Start of Block
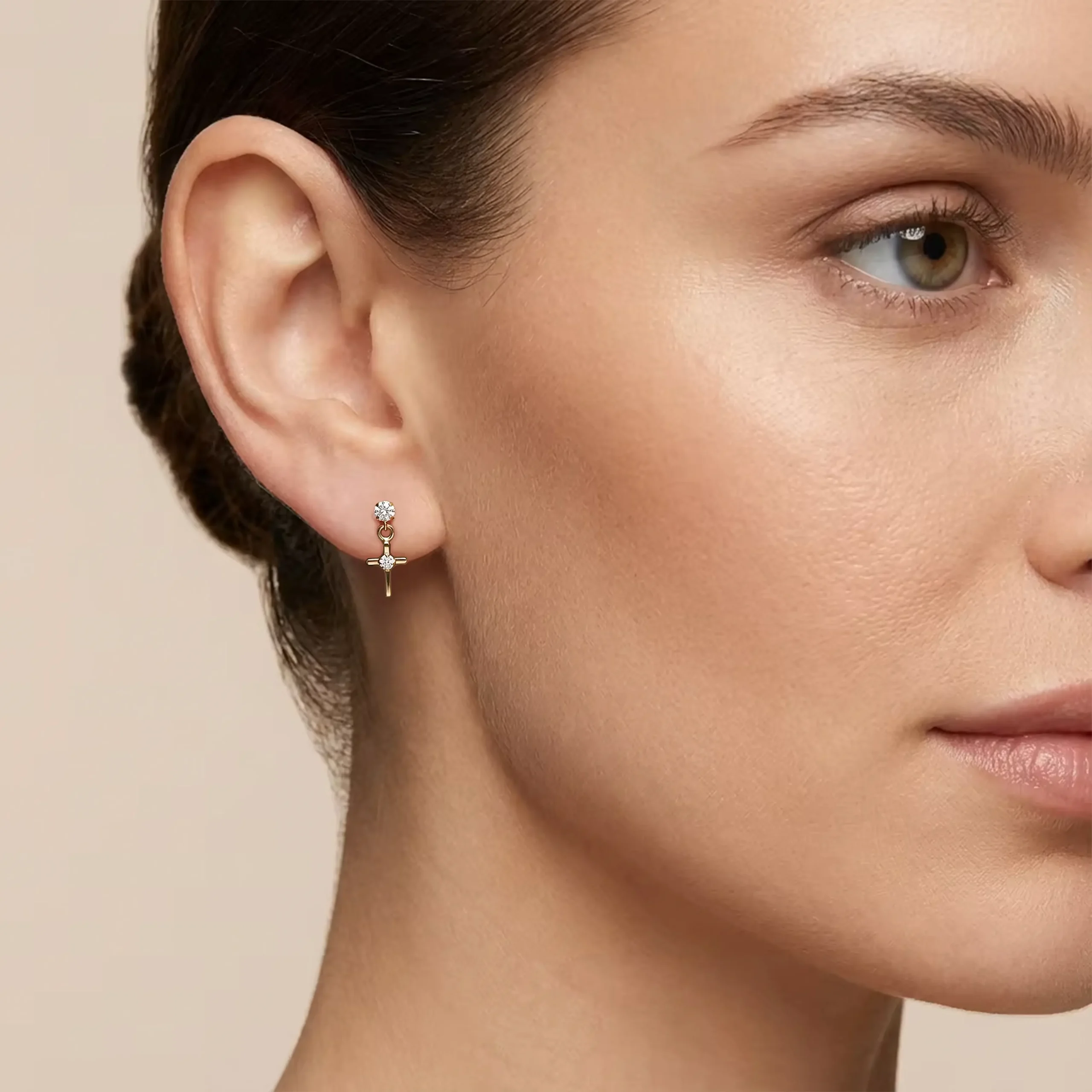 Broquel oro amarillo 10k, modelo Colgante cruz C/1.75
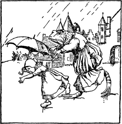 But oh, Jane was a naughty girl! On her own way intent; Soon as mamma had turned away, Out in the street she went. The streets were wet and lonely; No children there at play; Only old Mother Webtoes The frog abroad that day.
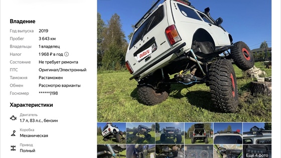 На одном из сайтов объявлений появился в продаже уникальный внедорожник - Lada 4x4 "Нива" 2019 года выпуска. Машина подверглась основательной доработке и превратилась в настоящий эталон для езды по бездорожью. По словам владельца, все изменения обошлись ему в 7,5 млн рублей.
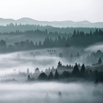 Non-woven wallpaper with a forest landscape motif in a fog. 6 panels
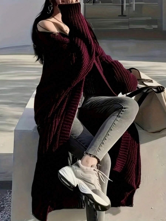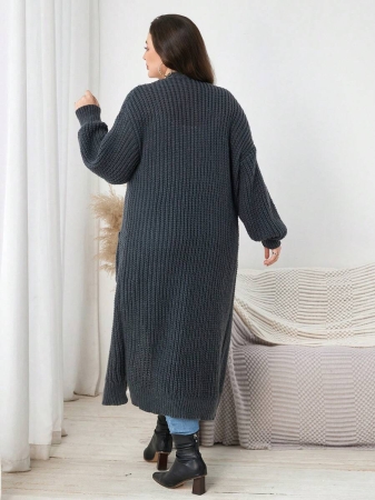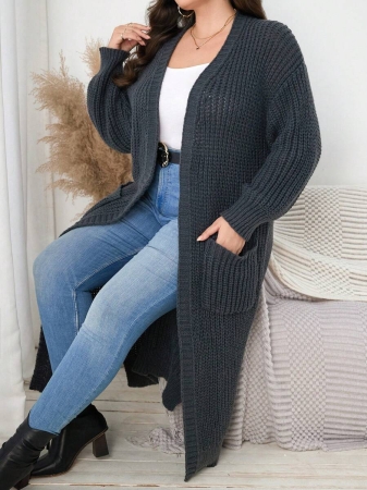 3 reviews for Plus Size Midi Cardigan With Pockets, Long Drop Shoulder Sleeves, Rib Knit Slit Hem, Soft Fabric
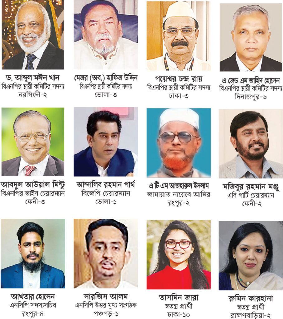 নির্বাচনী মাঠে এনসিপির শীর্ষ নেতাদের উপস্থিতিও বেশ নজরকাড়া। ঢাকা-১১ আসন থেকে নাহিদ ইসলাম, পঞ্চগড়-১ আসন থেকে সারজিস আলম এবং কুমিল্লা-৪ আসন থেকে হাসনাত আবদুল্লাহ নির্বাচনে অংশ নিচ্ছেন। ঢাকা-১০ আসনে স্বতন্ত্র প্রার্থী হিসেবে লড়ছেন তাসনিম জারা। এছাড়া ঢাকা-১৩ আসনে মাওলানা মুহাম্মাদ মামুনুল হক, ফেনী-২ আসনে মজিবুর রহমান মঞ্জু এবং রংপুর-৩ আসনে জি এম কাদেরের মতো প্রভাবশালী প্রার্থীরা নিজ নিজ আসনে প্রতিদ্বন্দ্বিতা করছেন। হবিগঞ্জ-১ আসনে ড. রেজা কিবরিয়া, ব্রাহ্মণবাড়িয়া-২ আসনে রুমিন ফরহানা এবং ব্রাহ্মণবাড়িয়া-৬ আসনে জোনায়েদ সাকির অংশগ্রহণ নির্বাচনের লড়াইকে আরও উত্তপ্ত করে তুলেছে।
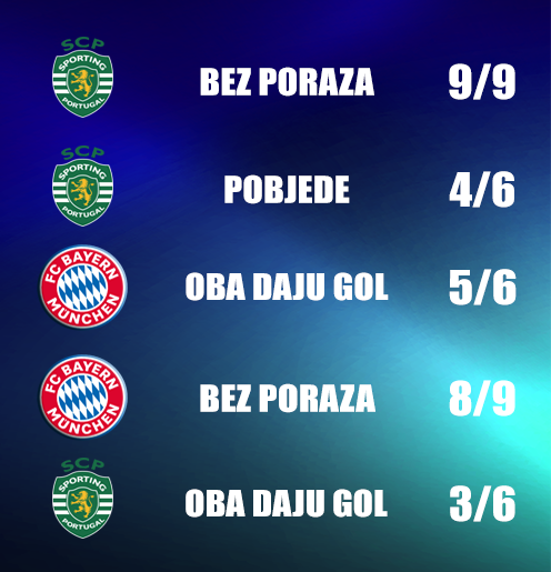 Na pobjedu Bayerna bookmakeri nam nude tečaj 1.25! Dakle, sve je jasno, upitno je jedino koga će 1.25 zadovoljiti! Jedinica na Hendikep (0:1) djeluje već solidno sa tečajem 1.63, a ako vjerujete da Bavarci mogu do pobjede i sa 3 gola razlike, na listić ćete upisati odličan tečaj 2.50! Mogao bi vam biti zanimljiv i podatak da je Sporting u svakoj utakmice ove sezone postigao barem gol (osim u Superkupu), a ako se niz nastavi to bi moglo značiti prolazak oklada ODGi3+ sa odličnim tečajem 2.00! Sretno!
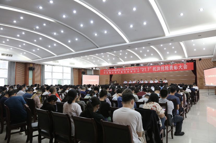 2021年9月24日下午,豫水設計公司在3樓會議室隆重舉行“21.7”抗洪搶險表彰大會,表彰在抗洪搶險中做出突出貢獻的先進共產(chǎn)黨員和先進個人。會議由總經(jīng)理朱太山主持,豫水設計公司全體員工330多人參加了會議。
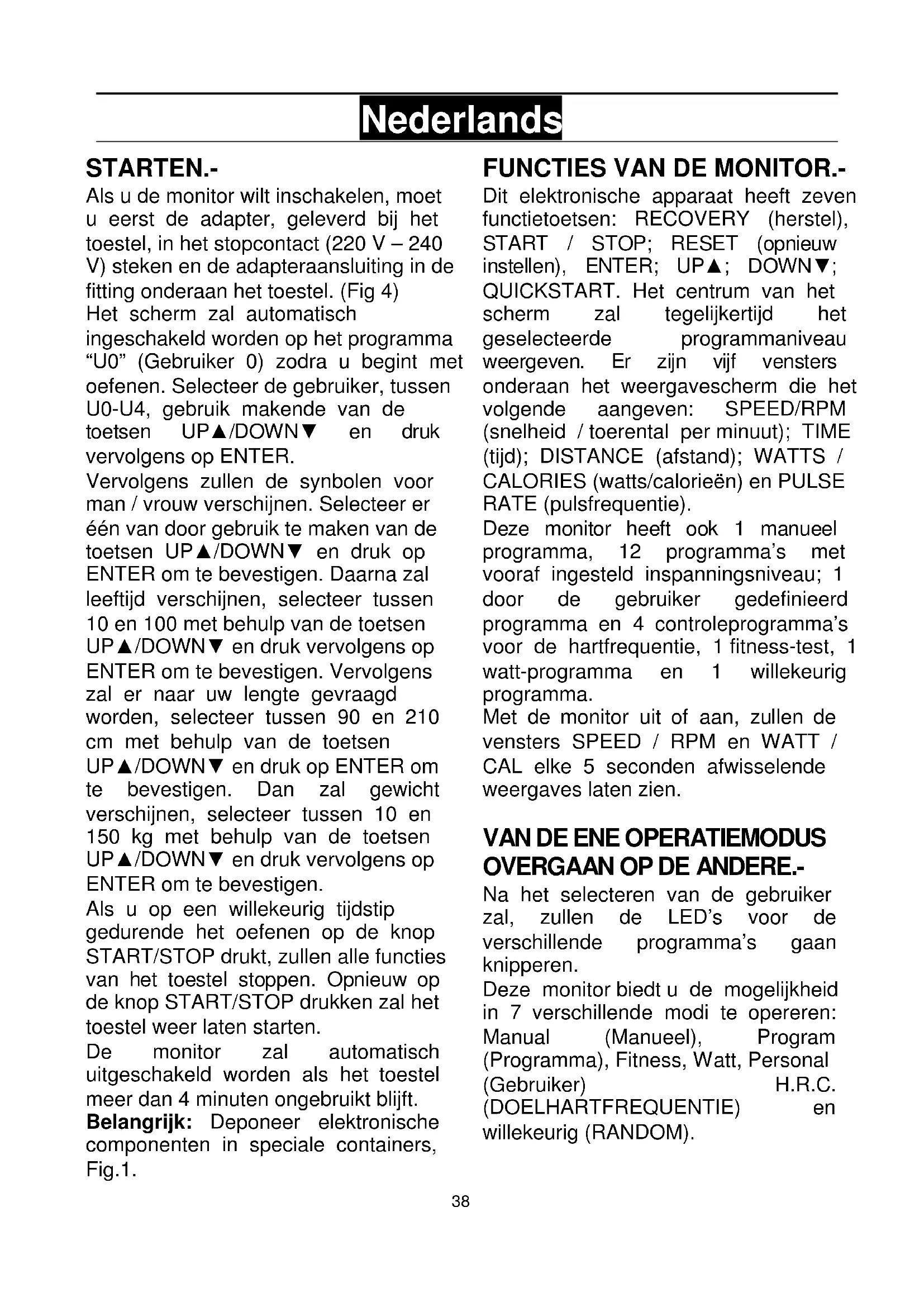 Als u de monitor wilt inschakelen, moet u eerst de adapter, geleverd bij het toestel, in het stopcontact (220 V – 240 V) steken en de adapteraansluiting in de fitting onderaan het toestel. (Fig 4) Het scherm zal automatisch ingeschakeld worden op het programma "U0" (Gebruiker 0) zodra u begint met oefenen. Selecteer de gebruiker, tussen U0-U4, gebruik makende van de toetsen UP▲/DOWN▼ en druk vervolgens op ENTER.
End of Block
*Your objective*.
Having found the line with "На одном из" and the line with "Non-woven wallpaper with" in the material above, write out exactly those two and every line between, leaving the pictures out.

*Problem solution*.
 На одном из сайтов объявлений появился в продаже уникальный внедорожник - Lada 4x4 "Нива" 2019 года выпуска. Машина подверглась основательной доработке и превратилась в настоящий эталон для езды по бездорожью. По словам владельца, все изменения обошлись ему в 7,5 млн рублей.
 Non-woven wallpaper with a forest landscape motif in a fog. 6 panels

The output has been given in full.